Дочка. Да уж, верно, не я. До того она мне надоела, сказать не могу. За ворота выйти нельзя — все соседи только про нее и говорят: «Ах, сиротка несчастная!», «Работница — золотые руки!», «Красавица — глаз не отвести!» А чем я хуже ее?

Мачеха. Что ты, доченька, по мне — ты лучше, а не хуже. Да только не всякий это разглядит. Ведь она хитрая — подольститься умеет. Тому поклонится, этому улыбнется. Вот и жалеют ее все: сиротка да сиротка. А чего ей, сиротке, не хватает? Платок свой я ей отдала, совсем хороший платок, и семи лет его не проносила, а потом разве что квашню укутывала. Башмачки твои позапрошлогодние донашивать ей позволила — жалко, что ли? А уж хлеба сколько на нее идет! Утром кусок, да за обедом краюшка, да вечером горбушка. Сколько это в год выйдет — посчитай-ка. Дней-то в году много! Другая бы не знала, как отблагодарить, а от этой слова не услышишь.

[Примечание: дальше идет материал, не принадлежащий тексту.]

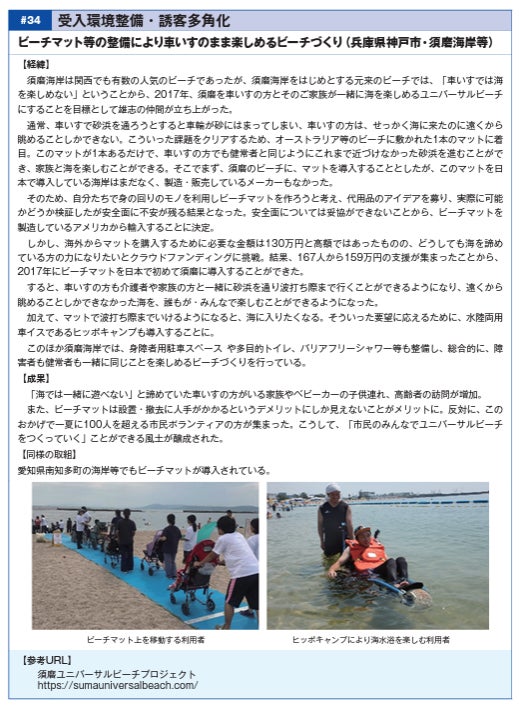 1/2全国制覇をしたユニバーサルビーチが2年連続(3度目)観光庁事例に掲載。海のバリアフリー化で、ブルーフラッグ認証、ユニバーサルツーリズム、持続可能な観光を促進。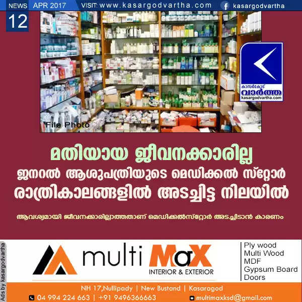 Keywords: Kasaragod, General Hospital, Medical Store, Closes, Night, Worker, Kerala, News, Lack of employees general hospital medical store closed at night.
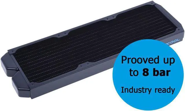 Everyone who uses watercooling needs a radiator, and everyone has different requirements for the heat exchanger. Alphacool has been a trendsetter on the scene for developing and improving radiators for years. That's why these models are among the first radiators to really earn the descriptor "full copper"! All the main elements, not just the fins and channels, but also the channel heads are made of copper. Material-wise, this is a big advantage, and one where other radiators fall by the wayside. The interior is structurally at the same level as radiators from other manufacturers, and split channel heads clearly show the path of the cooling fluid. A high flow rate raises the cooling power of the whole system. A flat end chamber also allows for more free space in the installation, since it shortens the total length. The installation of the radiators, as well as the fans and radiator faceplates, is easy to do with this series: the M3 threads are standard in the radiator sector, affordable and available in all lengths. Even the dreaded mishap of turning the screws in too deeply won't lead to costly damage with this radiator: an inner protective edge stops the screw before it can come into contact with the fins. The fin spacing was chosen so that the radiator could reach its optimal cooling performance even with slow or medium-speed fans. This is not only comfortable in terms of background noise, but also puts no constraints on the choice of fans.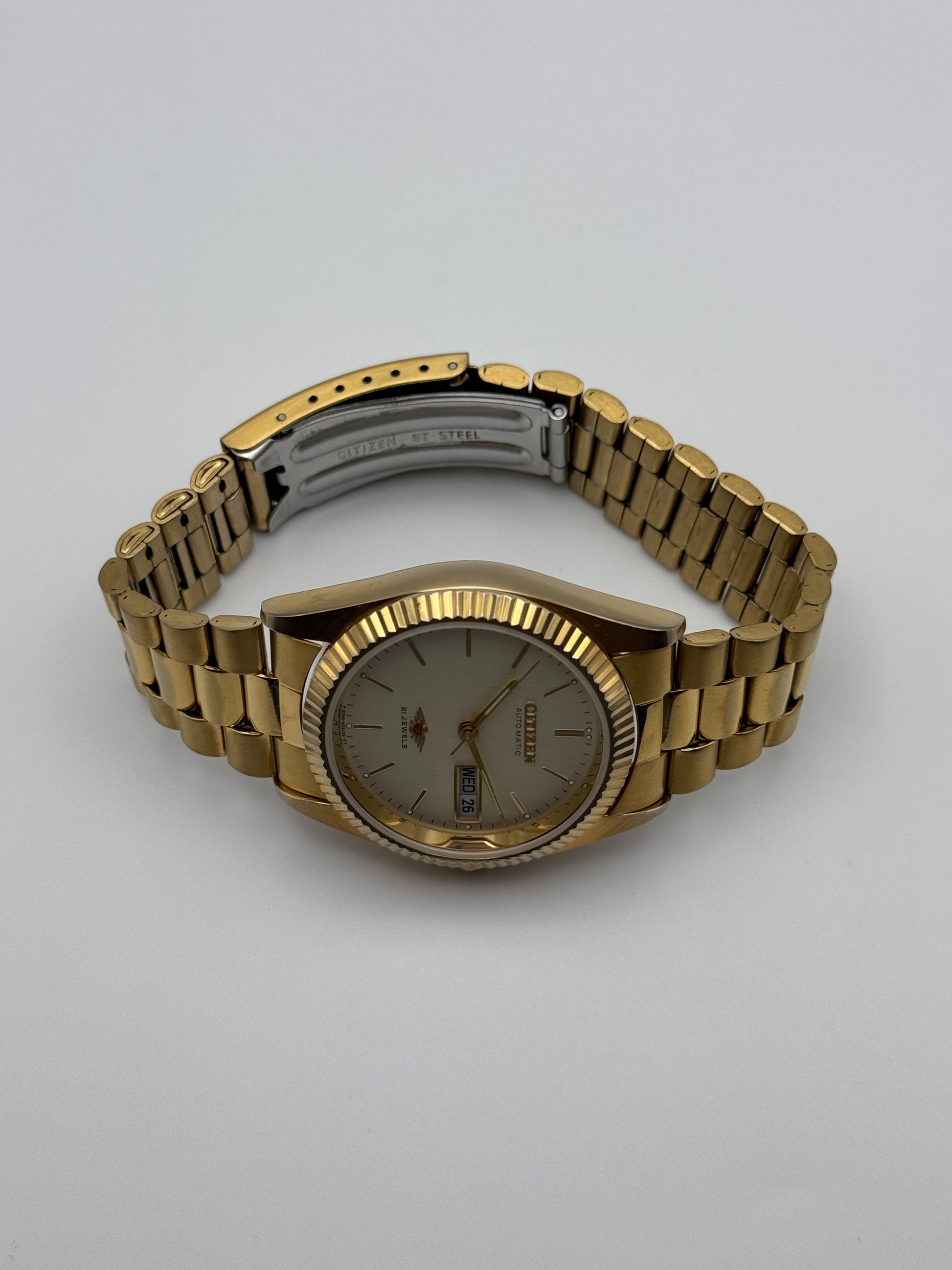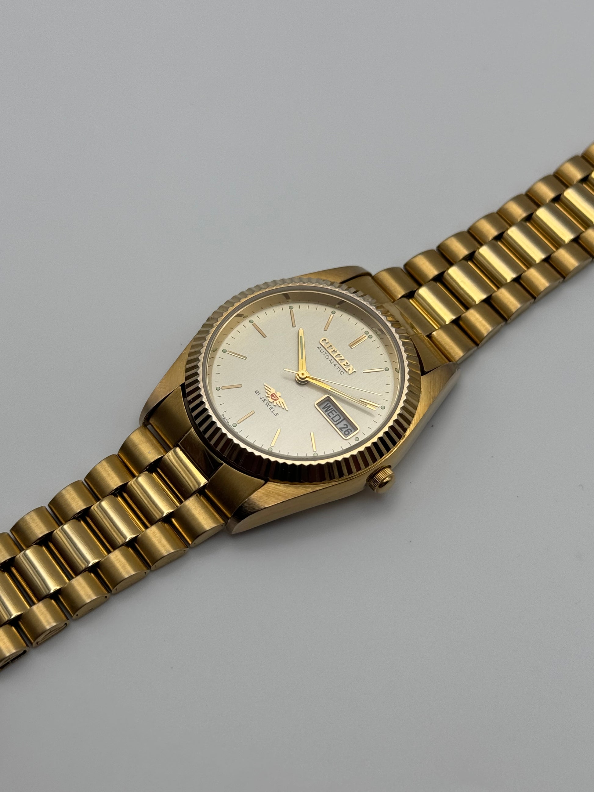 This stunning Citizen is in excellent condition. It features a stunning champagne dial which displays the striking Eagle 7 logo and a fully functional English/French day-date window. This is an excellent timekeeper.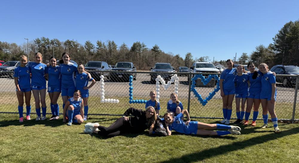 Teammates decorated the fields for Madelyn. From the left Leighton Taylor, Nora Marrano, Abby Victorino, Olivia Carrillo, Genevieve Spinale, Violet Soares, Genevieve Bolduc, Fiona White, Noella Michaud, Fiona Gately, Grace Alford, Gloria Correia and Riley Pitts.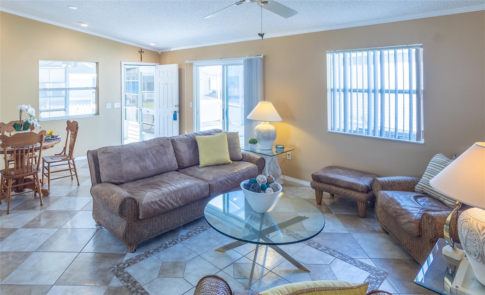 Welcome Home to your dream lifestyle in this charming 2 Bed, 2 Bath Patio Villa nestled in the heart of the Village of De La Vista, just moments away from Lake-Sumter Landing and Spanish Springs town center. Boasting an inviting enclosed front patio and an extra-large spacious birdcage that expands your living space into the outdoors, this home offers the perfect blend of comfort and relaxation. Situated on a generous corner lot, its vaulted ceilings and open floorplan create a sense of spaciousness and airiness throughout. Complete with modern tile flooring in main areas and stainless steel appliances, this home comes fully furnished with select homewares included. What’s more, enjoy the convenience of NO BOND, making this the ideal opportunity to embrace the vibrant lifestyle of The Villages, Florida, with ease and style.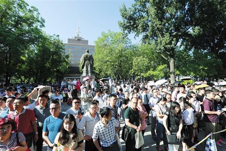 6月14日,家长在北京中国传媒大学考点外等候考生。 近日,全国高校自主招生考试陆续展开。根据教育部规定,今年全国高校自主招生考试首次在高考结束后进行,6月22日全面结束。全国共有102所院校各自组织自主招生测试。 新华社发(周海军 摄)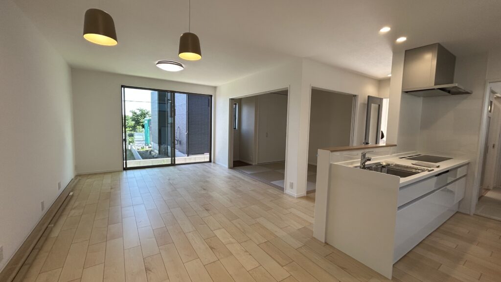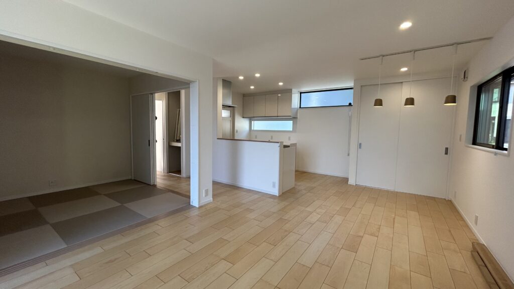 子どもが小さいのでキッチンから部屋全体を見渡せるようにし開放感のあるリビングにしました。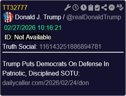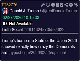 >>24315030 @realDonaldTrump Trump’s home-run State of the Union 2026 showed exactly how crazy the Democrats are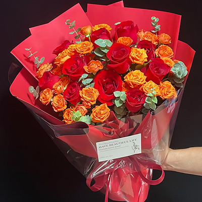 【爱你爱恋】11枝红玫瑰,6枝多头橙芭比,搭配尤加利叶装饰。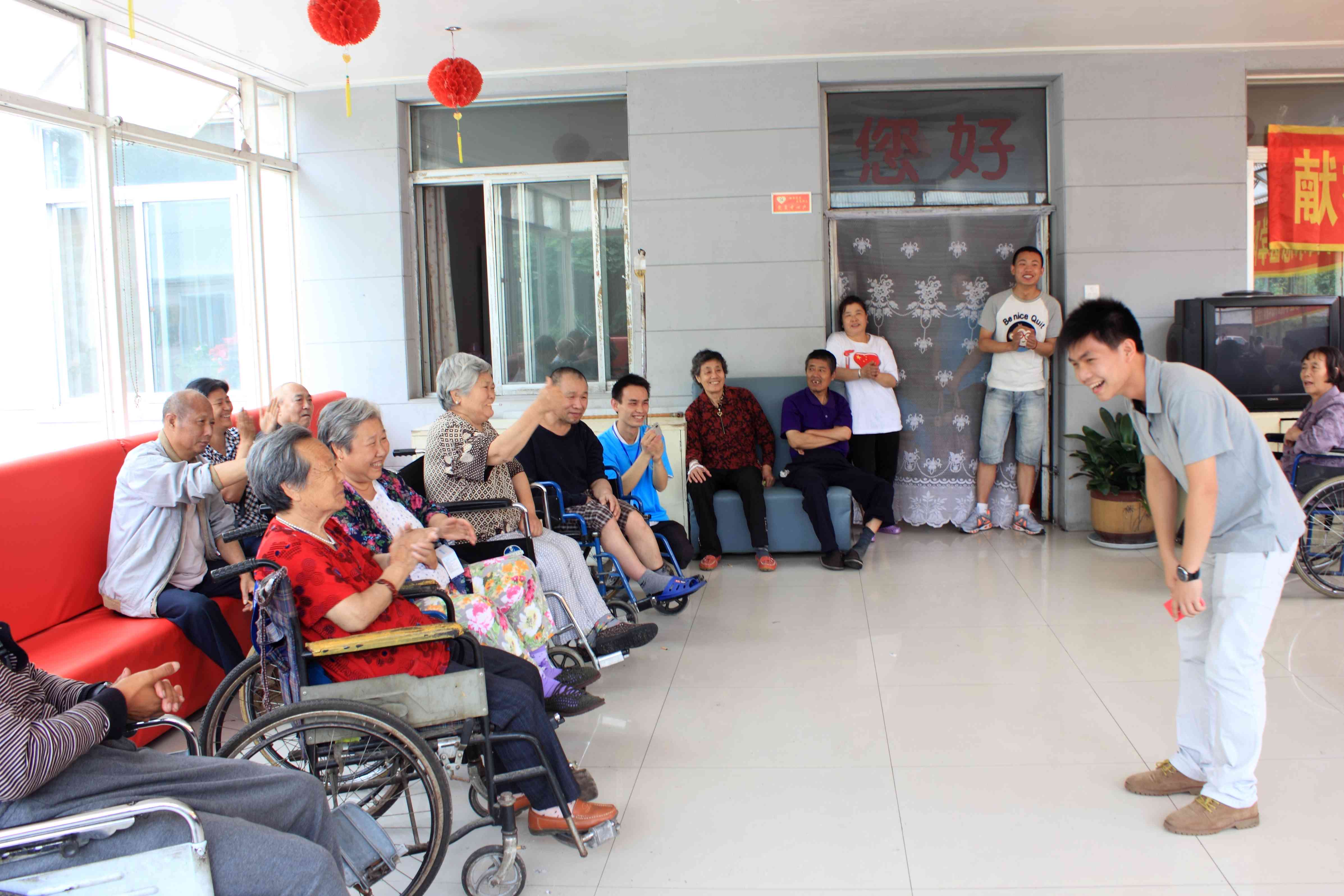 医疗服务结束后,志愿者们还表演了精彩的节目,从体现志愿精神的《感恩的心》到反串经典《新贵妃醉酒》再从地方民歌《刘海砍樵》,志愿者们用精彩的表演给老人们带去了欢乐和温暖。整个老人院其乐融融,笑声不断。最后,在革命歌曲《东方红》雄壮的旋律中,此次实践活动圆满划上了句号。

Дочка. Ну вот, пусть и сходит в лее. Дадим ей корзину побольше, что я для себя выбрала.

Мачеха. Что ты, доченька! Эта корзина новая, недавно куплена. Ищи ее потом в лесу. Вон ту дадим, — и пропадет, так не жалко.

Дочка. Да уж больно мала!

Входит падчерица. Платок ее весь засыпан снегом. Она снимает платок и стряхивает, потом подходит к печке и греет руки.

Мачеха. Что, на дворе метет?

Падчерица. Так метет, что ни земли, ни неба не видать. Словно по облакам идешь. Еле до дому добралась.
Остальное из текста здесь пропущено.